Work instructions: Everything in the records below from the line containing "ಕಣ್ವ ಜಲಾಶಯಕ್ಕೆ ಬಾಗಿನ" through the line containing "Еске салайық, Желіде" is to be reproduced exactly, those two lines included; no picture is to be copied.

Dataset records:
::::

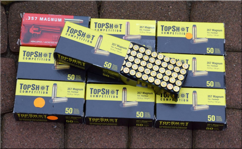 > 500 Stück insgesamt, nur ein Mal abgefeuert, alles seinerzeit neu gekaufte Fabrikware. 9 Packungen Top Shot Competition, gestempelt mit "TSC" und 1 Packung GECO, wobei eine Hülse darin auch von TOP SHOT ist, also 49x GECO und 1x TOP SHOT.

::::

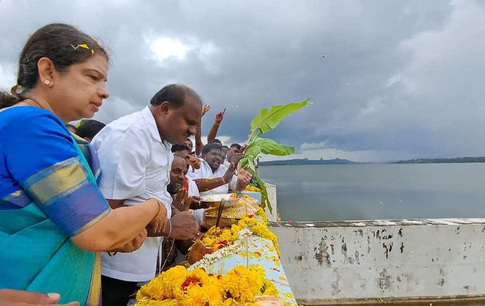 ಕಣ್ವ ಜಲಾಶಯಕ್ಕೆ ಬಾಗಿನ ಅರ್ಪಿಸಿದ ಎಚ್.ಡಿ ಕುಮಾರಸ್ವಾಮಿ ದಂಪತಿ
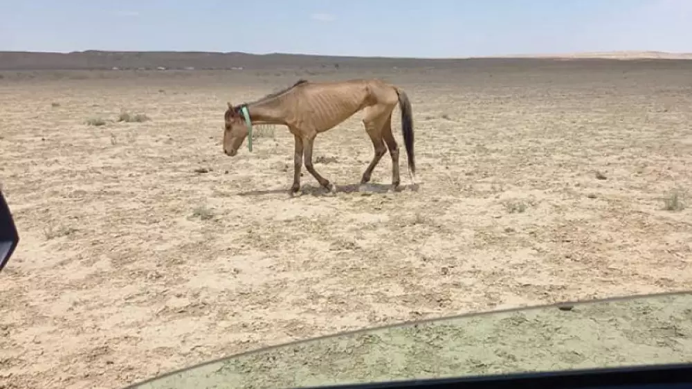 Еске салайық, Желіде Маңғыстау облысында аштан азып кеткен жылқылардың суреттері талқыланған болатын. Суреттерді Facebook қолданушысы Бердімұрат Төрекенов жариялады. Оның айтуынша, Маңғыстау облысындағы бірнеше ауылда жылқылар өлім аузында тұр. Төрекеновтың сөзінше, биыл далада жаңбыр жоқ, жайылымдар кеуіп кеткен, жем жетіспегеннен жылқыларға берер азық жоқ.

::::

Result below:
 ಕಣ್ವ ಜಲಾಶಯಕ್ಕೆ ಬಾಗಿನ ಅರ್ಪಿಸಿದ ಎಚ್.ಡಿ ಕುಮಾರಸ್ವಾಮಿ ದಂಪತಿ
 Еске салайық, Желіде Маңғыстау облысында аштан азып кеткен жылқылардың суреттері талқыланған болатын. Суреттерді Facebook қолданушысы Бердімұрат Төрекенов жариялады. Оның айтуынша, Маңғыстау облысындағы бірнеше ауылда жылқылар өлім аузында тұр. Төрекеновтың сөзінше, биыл далада жаңбыр жоқ, жайылымдар кеуіп кеткен, жем жетіспегеннен жылқыларға берер азық жоқ.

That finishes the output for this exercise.